Judged from the outside at least it looks clear that the problem is the fractured nature of the Iraqi state, if you can even call it a state. No mystery here — all the basic divisions we hear about. And his government exists at the sufferance of factional leaders who see his generally impotent administration as a convenient holding pattern under which to secure or expand their own control over regions of the country or sectors of the population.

Along these lines let me give in and quote three of Hoagland’s paragraphs. By using his Vietnam analogy …

Bush has called attention to the elephant that will be sitting in the room when his administration makes its politically vital report on Iraq to the nation next month. For Americans, the most important comparison will be this one: As Vietnam did, Iraq has become a failure even on its own terms — whatever those terms are at any given moment.

That is, the administration has constantly shifted its goals in Iraq to avoid accepting failure and blame — only to see the new goals drift beyond reach each time. Liberation of Iraqis became occupation by Americans, democracy became an unattainable centralized “national unity” government and this year’s military surge has become a device for achieving political reconciliation among people who do not want to reconcile.

Bush’s appeal to Americans to turn away from “the allure of retreat” centered on the indisputably horrific consequences for the people of Vietnam and Cambodia of defeat in 1975. But his analogy also summons the historical reality that U.S. involvement in Indochina became untenable when that engagement itself became a threat to America’s social fabric and national cohesion — and then to the very institutions that had responsibility for the war, the U.S. military and intelligence services, as well as the presidency and Congress.

And here I think we get back to the root of the matter: We are bigger than Iraq.

By that I do not mean we, as America, are bigger or better than Iraq as a country. I mean that that sum of our national existence is not bound up in what happens there. The country will go on. Whatever happens, we’ll recover from it. And whatever might happen, there are things that matter much more to this country’s future — like whether we have a functioning military any more, whether our economy is wrecked, whether this country tears itself apart over this catastrophe. But we’ll go on and look back at this and judge what happened.

Not so for the president. For him, this is it. He’s not bigger than this. His entire legacy as president is bound up in Iraq. Which is another way of saying that his legacy is pretty clearly an irrecoverable shambles. That is why, as the folly of the enterprise becomes more clear, he must continually puff it up into more and more melodramatic and world-historical dimensions. A century long ideological struggle and the like.
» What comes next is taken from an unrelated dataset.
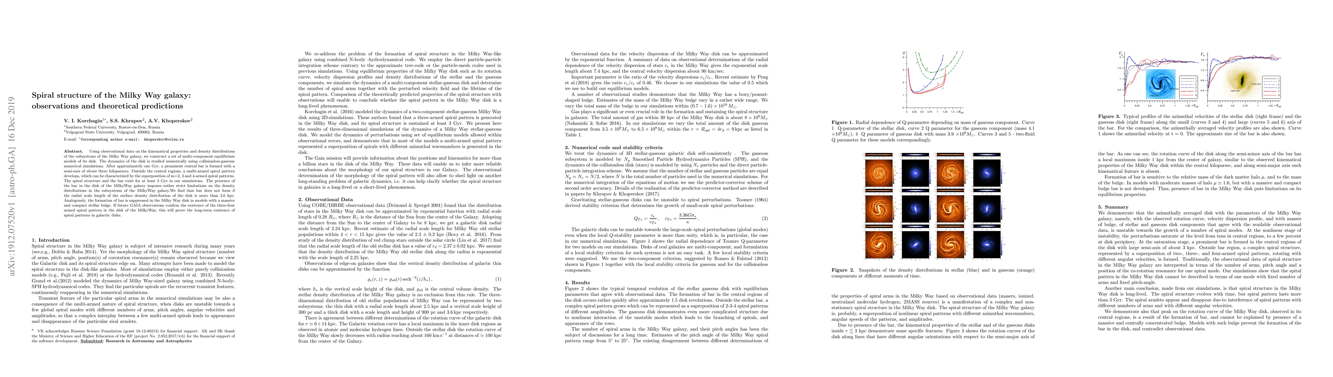 This paper constructs multi-component equilibrium models of the Milky Way's disk using observational data and numerical simulations, revealing a central bar and multi-armed spiral patterns. The bar and spiral structures persist for at least 3 Gyr, with strict limitations on their formation based on disk density distributions.

For the president a one in a thousand shot at some better outcome is well worth it, no matter what the cost. Because at least that’s a one in a thousand shot at not ending his presidency with the crushing verdict history now has in store. It’s also worth just letting things keep on going as they are forever because, like Micawber, something better might turn up. Going double or nothing by expanding the war into Iran might be worth it too for the same reason. For him, how can it get worse?

And when you boil all this down what it comes down to is that the president now has very different interests than the country he purports to lead.